En Espagne, la «génération perdue» s'indigne dans la rue


Alors que les élections locales se tiennent dimanche de l'autre côté des Pyrénées, des milliers de jeunes organisent des sit-in dans 57 villes en bravant les interdictions. Ils protestent contre le chômage de masse et «la corruption des politiciens».

La rigueur économique, le chômage de masse et l'imminence des élections locales a provoqué, depuis dimanche dernier, l'émergence d'un large mouvement populaire parmi la jeunesse espagnole cette semaine. «Los indignados», autrement dit les Indignés, comme ils se surnomment, occupent depuis dimanche dernier la place madrilène Puerta del Sol. Le mouvement s'est répandu à travers l'Espagne sous le mot d'ordre «Toma la plaza» (Prend la place). Il est présent dans 57 villes, a compté le quotidien espagnol el Pais.

Cette mobilisation spontanée, aussi appelée Mouvement du 15 mai, s'est organisée, comme les révoltes arabes, via les réseaux sociaux en ligne Twitter et Facebook et sur le principe du «droit à s'indigner». Mercredi soir, El Pais avait dénombré 10.000 participants à Madrid. Les mots d'ordre: la mainmise des grands partis sur la vie politique espagnole, l'injustice sociale et la «corruption des politiciens». En toile de fond, un taux de chômage de 21,19%, le plus élevé de la zone euro, qui touche presque la moitié des moins de 25 ans.

«J'ai beaucoup de respect pour ces personnes qui manifestent, ce qu'ils font de manière pacifique, et je comprends bien que cela est dû à la crise économique, à leur désir de trouver un travail», a déclaré ce vendredi le premier ministre socialiste sortant Zapatero à la radio Cadena Ser. La Commission électorale a toutefois interdit les rassemblements ce week-end, la loi prohibant tout acte de propagande la veille et le jour du scrutin. Le gouvernement pourrait décider d'annuler cette décision. Il se prononcera samedi. «Cela se fera de la bonne manière, de façon intelligente, en garantissant tous les droits et après une journée de réflexion», a assuré Zapatero.

«Un cri muet»
De leur côté, les manifestants madrilènes devaient convoquer une assemblée générale pour décider de la suite du mouvement. «Nous n'avons pas encore pris de décision officielle mais je peux vous dire que je suis sûr que nous resterons sur la place demain», a déclaré vendredi Chema Lopez, l'un des porte-parole. De toute façon, «ils ne peuvent pas nous chasser à coup de pieds, les dirigeants politiques ne le permettraient pas, cela leur donnerait une mauvaise image juste avant les élections», souligne une participante.

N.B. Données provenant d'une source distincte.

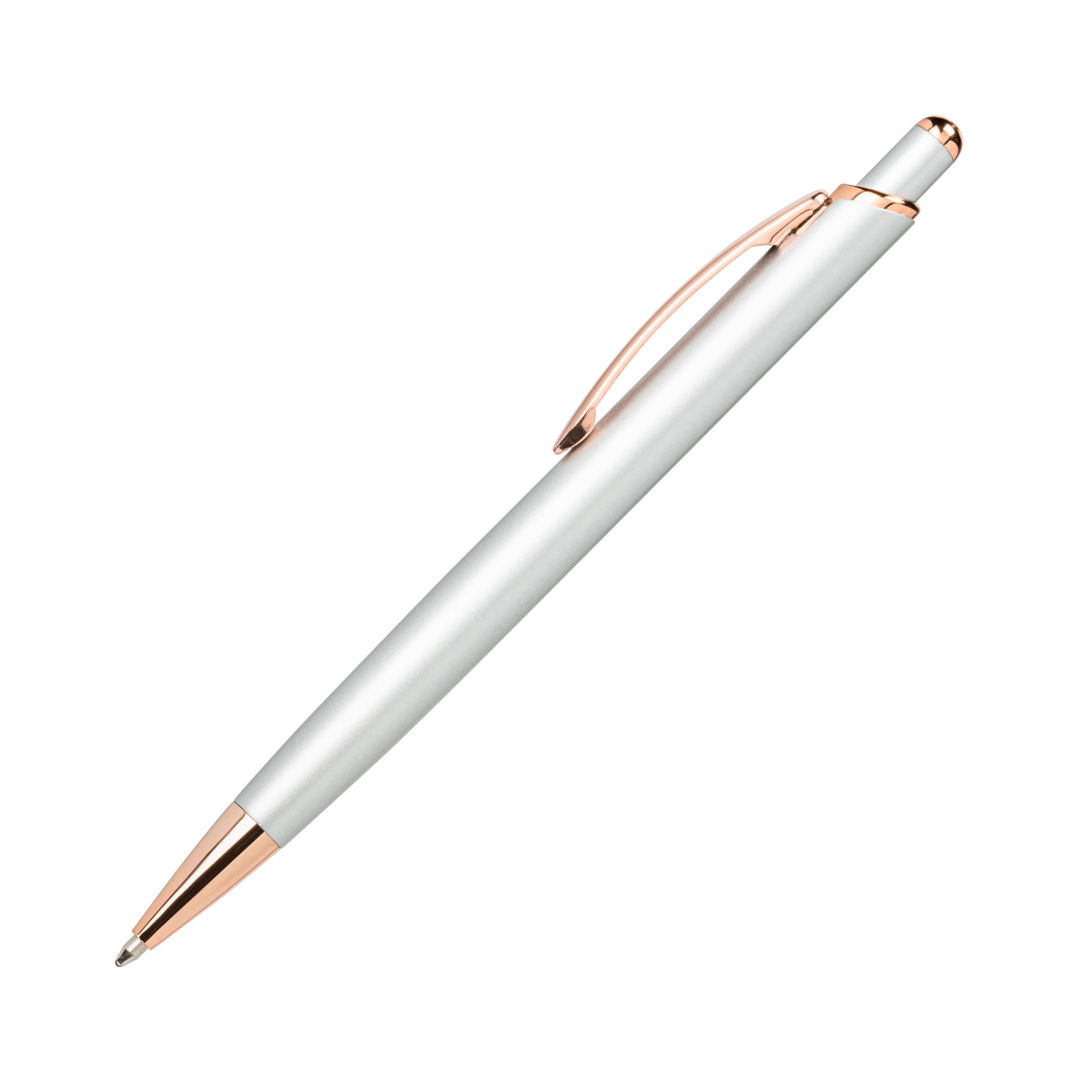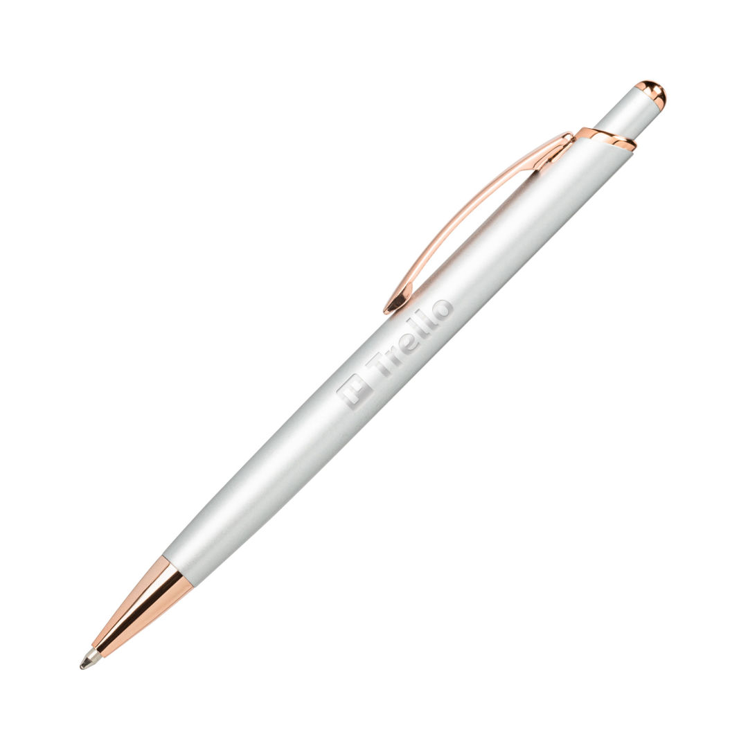 The Witman Rose Gold Accent Clicker Pen is meticulously crafted for those who appreciate both style and substance. Featuring a top push button, steel clip, and an aluminum barrel, this pen combines sleek design with impeccable functionality. Product Size: 5.5″ W x 0.5″ H. 5.5″ W x 0.375″ H

«Nous ne voulons pas renverser les politiciens, juste les ramener au niveau des préoccupations de la rue», a expliqué à El Pais Gandara, un des porte-parole du mouvement. «Nous ne sommes ni des anarchistes, ni des opposants au système. Nous sommes justes des gens normaux.» Ils réclament une forme de démocratie participative. À minuit vendredi soir, les manifestants sont appelés à s'immobiliser dans «un cri muet», la bouche scotchée.